For these reasons there will be judgment for the Claimant for 50% of his damages for the consequences of his injuries which are to be assessed at a later hearing.

46.

The Claimant is entitled in addition to a modest sum of damages for unlawful imprisonment which does not take the injuries into account. The assessment of such a sum is an arbitrary and unsatisfactory exercise. He was driven away from his home for about ¾ mile unlawfully. Taken on its own, this would be an irritating and unsettling incident, but not one with any serious consequences. Had he left the vehicle when it was stationary at lights, the impact of the abduction would have been transitory.

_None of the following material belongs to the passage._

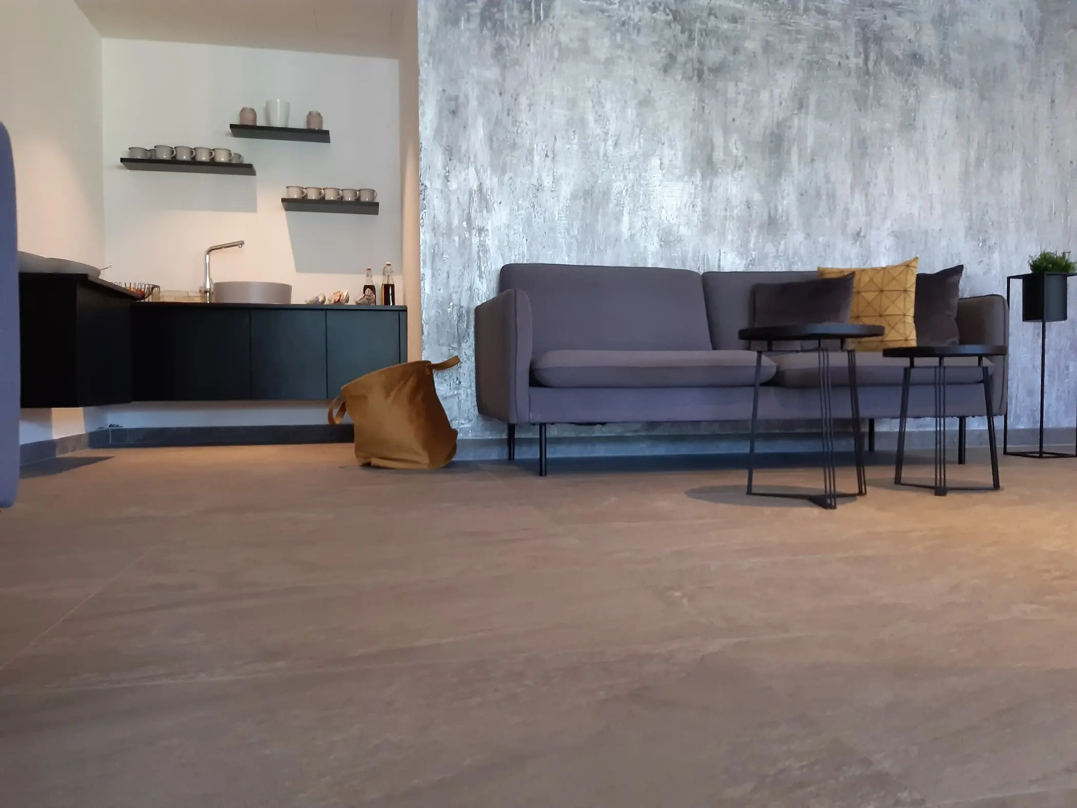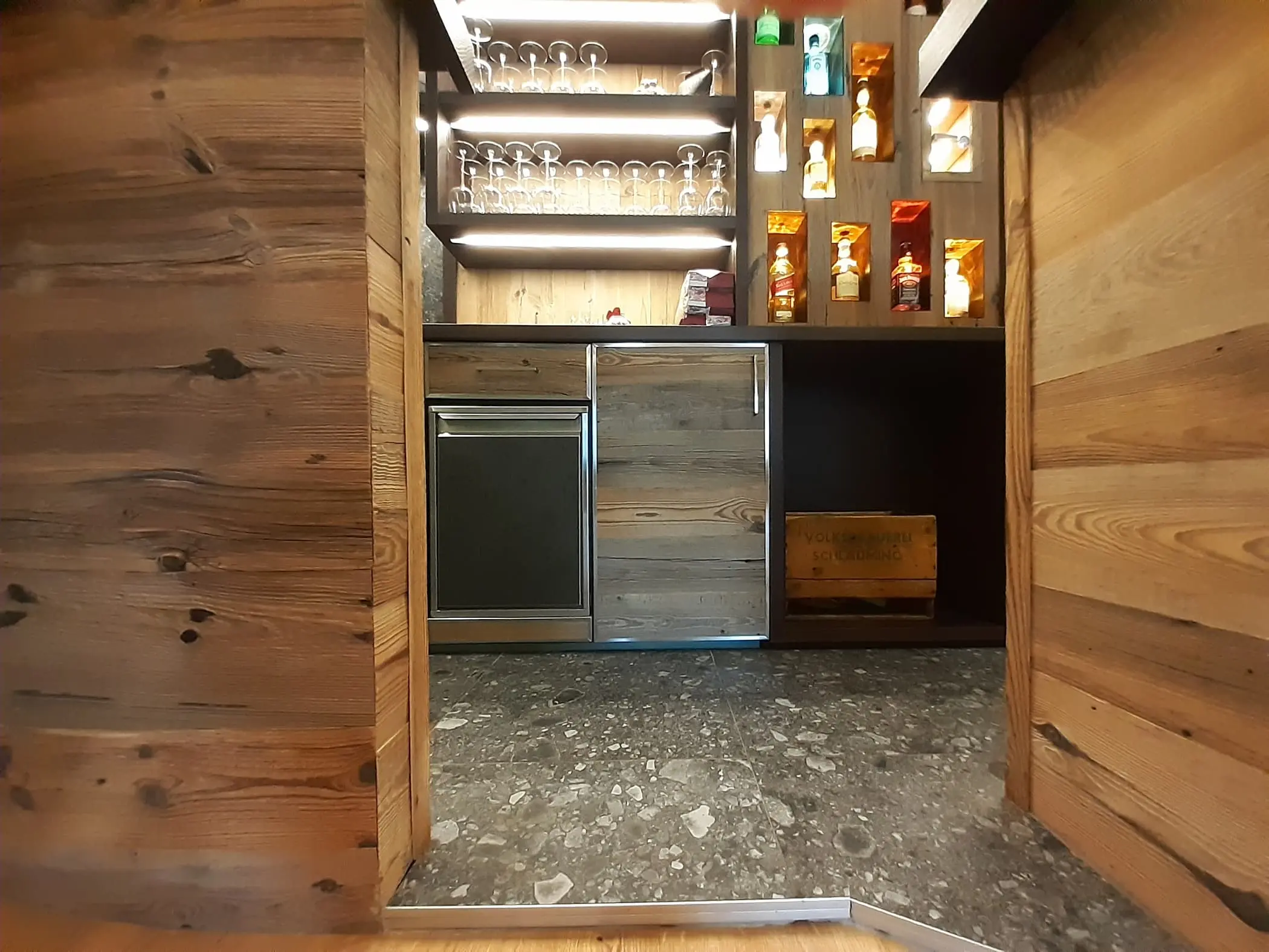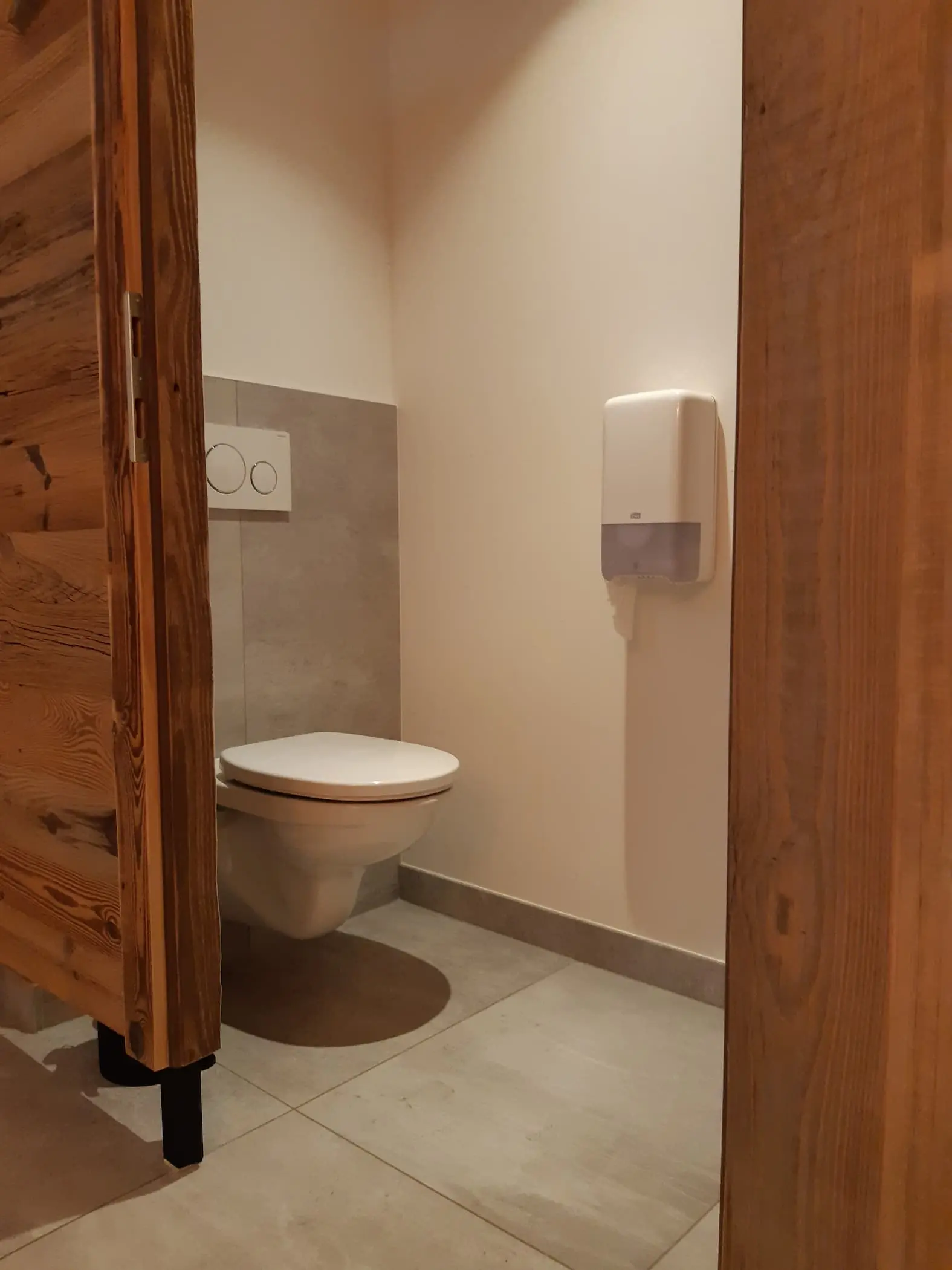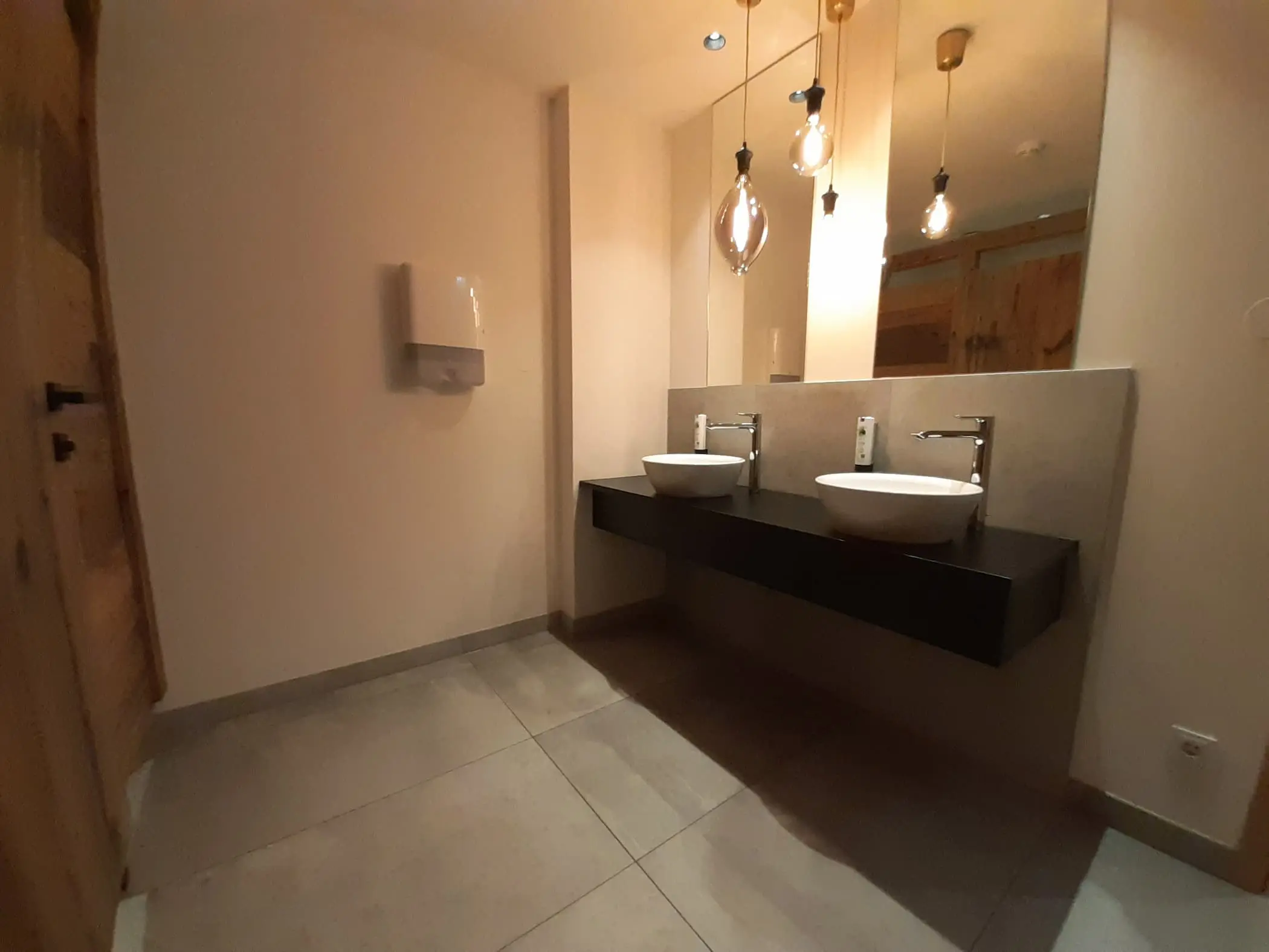 Im von Gastgeber Manuel designten Barbereich, wurden robuste, dunkle Bodenfliesen verlegt, während in den Gäste-WC-Anlagen helle Wand- und Bodenfliesen zum Einsatz kamen.

I have broadly accepted the evidence of the Defendant and therefore find that his intention was not to do anything other than to return him to the rank where he would be released. This is the kind of conduct which creates a significant risk to life and limb as this case, and Beaumont v. Ferrer, both demonstrate. Where, as here, it occurred because of a misunderstanding about the intentions of the Claimant and not because he was intending to evade payment of the fare a modest increase in the award to include aggravated damages is appropriate. A sum of £250 is, in my judgment, sufficient to mark the wrongful conduct of the Defendant leaving the injuries aside.

47.

For the reasons given in a Form N460 I have acceded to the applications for permission to appeal submitted by both parties. I am therefore required to state that this is a final judgment and that appeal lies to the Court of Appeal Civil Division. An important factor in the grant of permission is the fact that the appeal in Beaumont v. Ferrer for which Jackson LJ has granted permission as I have noted above is now listed for July 2015. I therefore direct that Notices of Appeal must be lodged within 14 days and that the case should be placed before the Lord Justice managing that appeal to consider whether the cases should be heard by the same constitution and, if so, how that may be achieved. When lodging their Notices of Appeal the parties should also lodge brief written submissions on that issue.